Exercise brief: From the line containing "the front aspect." to the last line of the data, both included, transcribe each line exactly, leaving out pictures and adding nothing.

Data:
::::

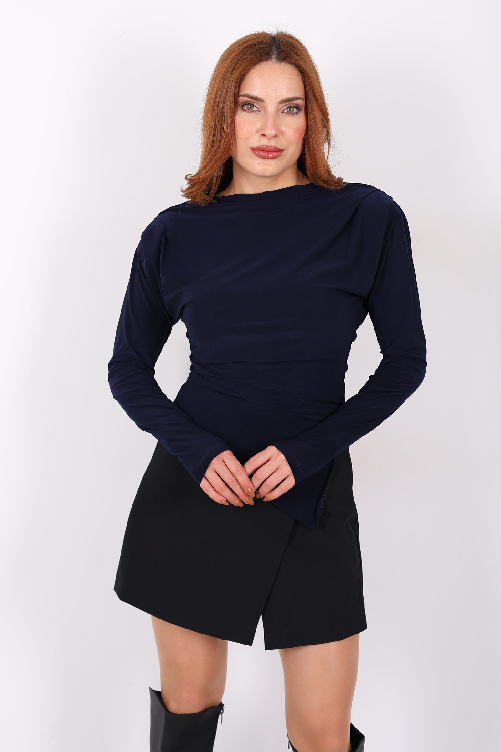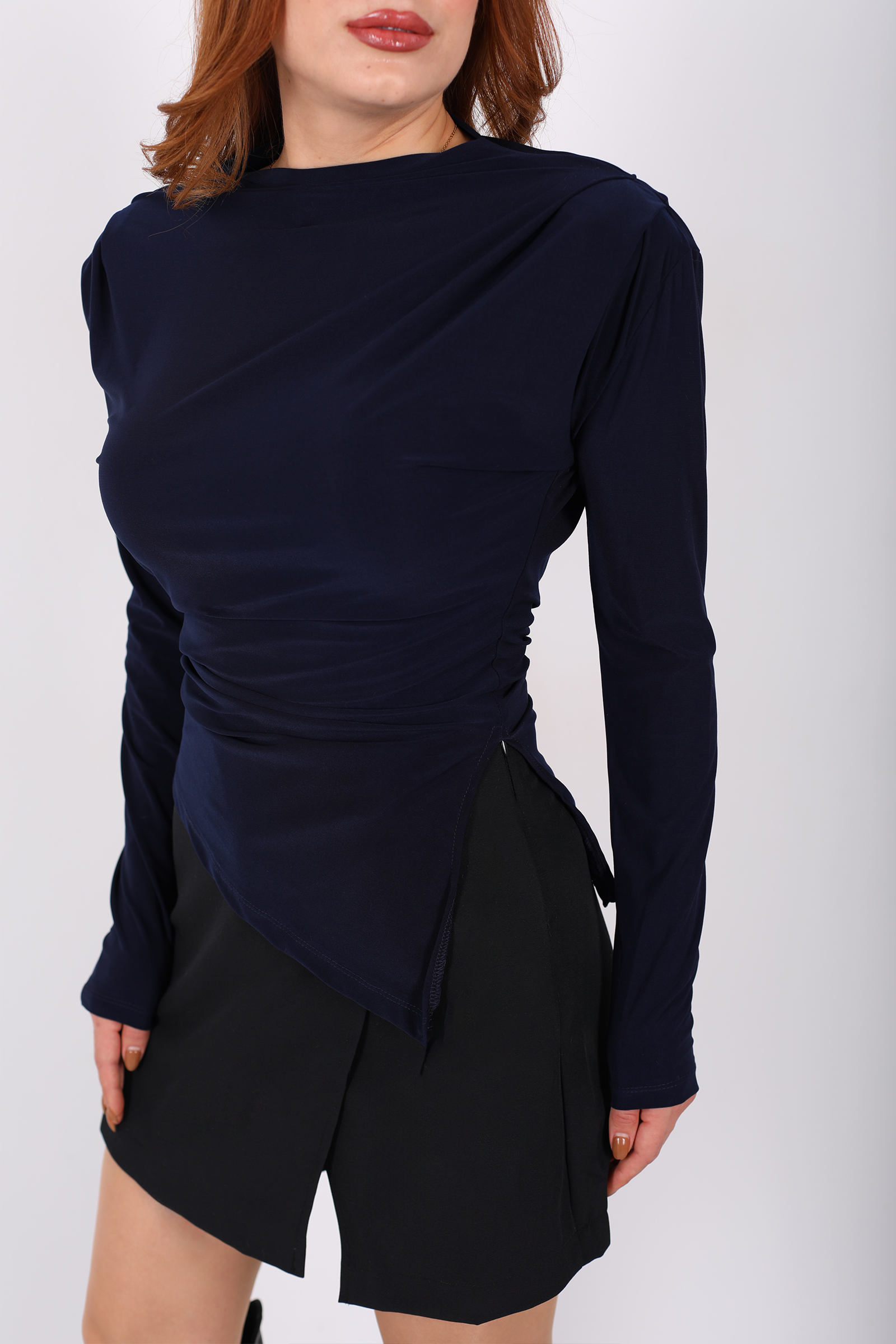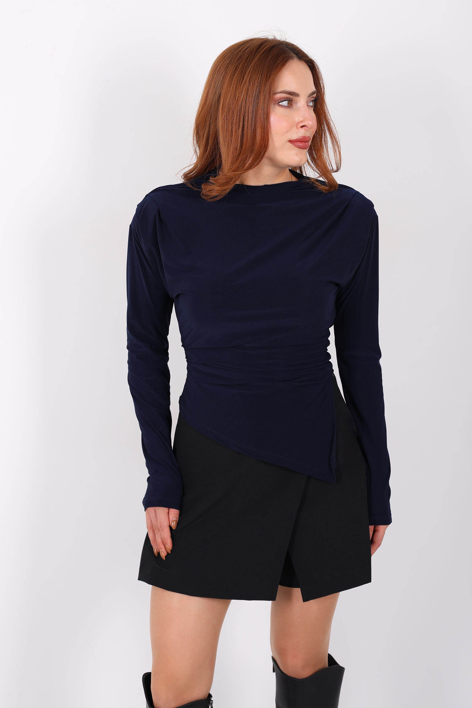 Yanı Büzgülü Asimetrik Lacivert Kadın Vatkalı Bluz
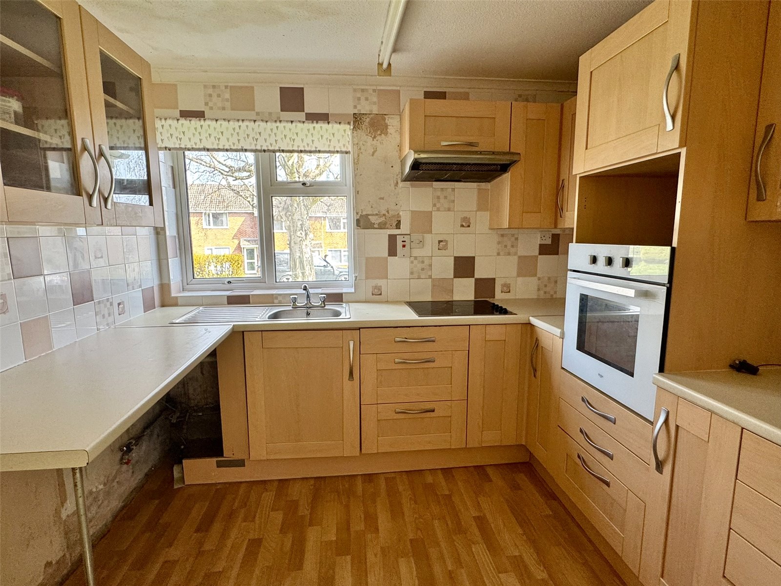 Kitchen 9'1" x 8' (2.77m x 2.44m). Fitted with wall and base units set beneath worktops with inset sink and drainer. Inset electric hob and hood over with further inset electric oven. Space and plumbing for washing machine, space for fridge freezer and double glazed window to the front aspect.
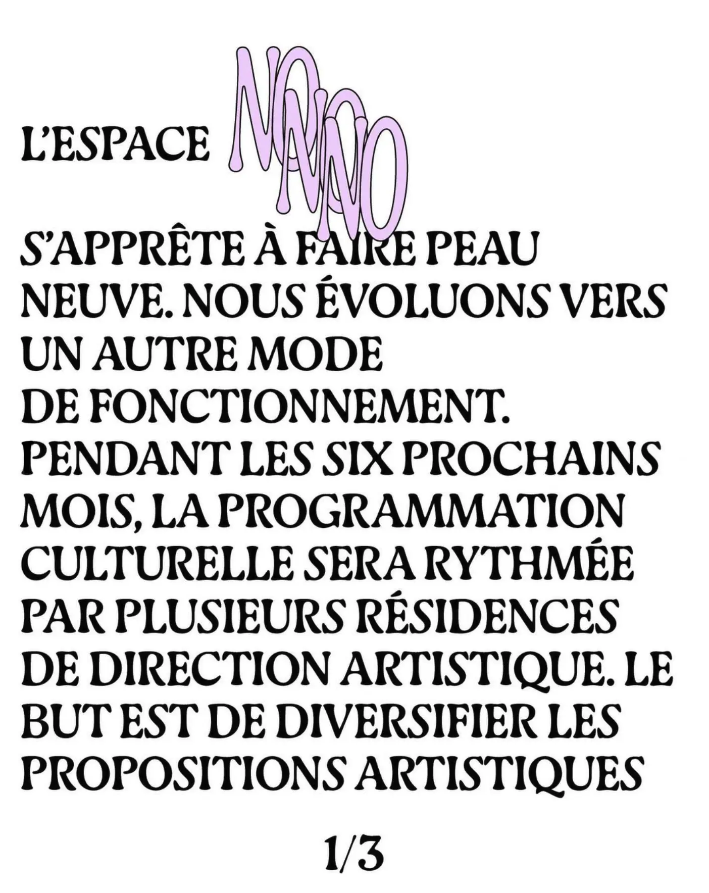 Non-étoile is behind a number of events and exhibitions. The association also runs the nonono space, a place dedicated to exhibitions and experimentation, and hosts the web radio stations Radion and Lyl radio.
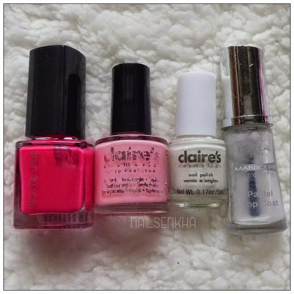 Deliplús 64Esmalte blanco y rosa de Claire'sL'oreal manicura frenchs / Pastel top coatDotting tool

::::

Task result:
 Kitchen 9'1" x 8' (2.77m x 2.44m). Fitted with wall and base units set beneath worktops with inset sink and drainer. Inset electric hob and hood over with further inset electric oven. Space and plumbing for washing machine, space for fridge freezer and double glazed window to the front aspect.
 Non-étoile is behind a number of events and exhibitions. The association also runs the nonono space, a place dedicated to exhibitions and experimentation, and hosts the web radio stations Radion and Lyl radio.
 Deliplús 64Esmalte blanco y rosa de Claire'sL'oreal manicura frenchs / Pastel top coatDotting tool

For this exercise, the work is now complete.